# Port of Teignmouth



## Steve Hodges (Feb 12, 2007)

Just back from a week's holiday in Shaldon, across the estuary of the River Teign from Teignmouth ( South Devon, UK ). I was surprised at the amount of shipping traffic into the port -seven cargo vessels in the week - but even more surprised at the size of some of them. Biggest was ARKLOW RAIDER at 4,530dwt ( photo in the gallery). It seems a very, very tight channel entrance, with a 90-degree turn just after the narrowest part and yacht moorings everywhere except the buoyed fairway, then the vessel has to be swung through 180 degrees to lie alongside the berths. The little scraper dredger seemed to be working every day at the edges of the channel.
Has anyone on the forum ever sailed in there on a cargo vessel? Is it really as tight as it looks?
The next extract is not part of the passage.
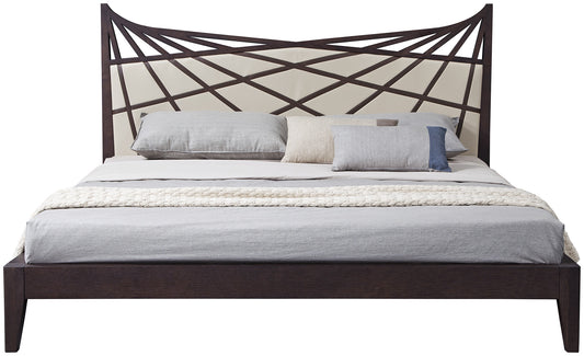 47' Brown Veneer And Beige Bonded Leather Queen... 47' Brown Veneer And Beige Bonded Leather Queen Bed By Homeroots

And can anyone tell me the biggest vessel that has ever berthed at Teignmouth?


----------



## Runrig (Apr 13, 2008)

*Teignmouth*

I've stopped posting generally but I'm happy to pm you the info if you wish.


----------



## AncientBrit (Oct 6, 2007)

Dagnammit! Dont tell me the CIA are after you as well?
AB


----------



## janathull (Aug 31, 2005)

Been to Teignmouth a few times including spending a christmas there (due to bad weather which closed the port). Usually went there on the 1000 ton class but did go there on the 3000 tonners a few times usually to load ball clay for Setsalino in Portugal.Cheers janthull


----------



## billyboy (Jul 6, 2005)

IO have seen people walk across (wade) the entrance at low water. Anything with deep draught would have to wait for the top of the tide.
The channel is very narrow at the entrance. how the pilots manage to turn them in the short space they have is great watch. Fair play the pilots they do a grand job.


----------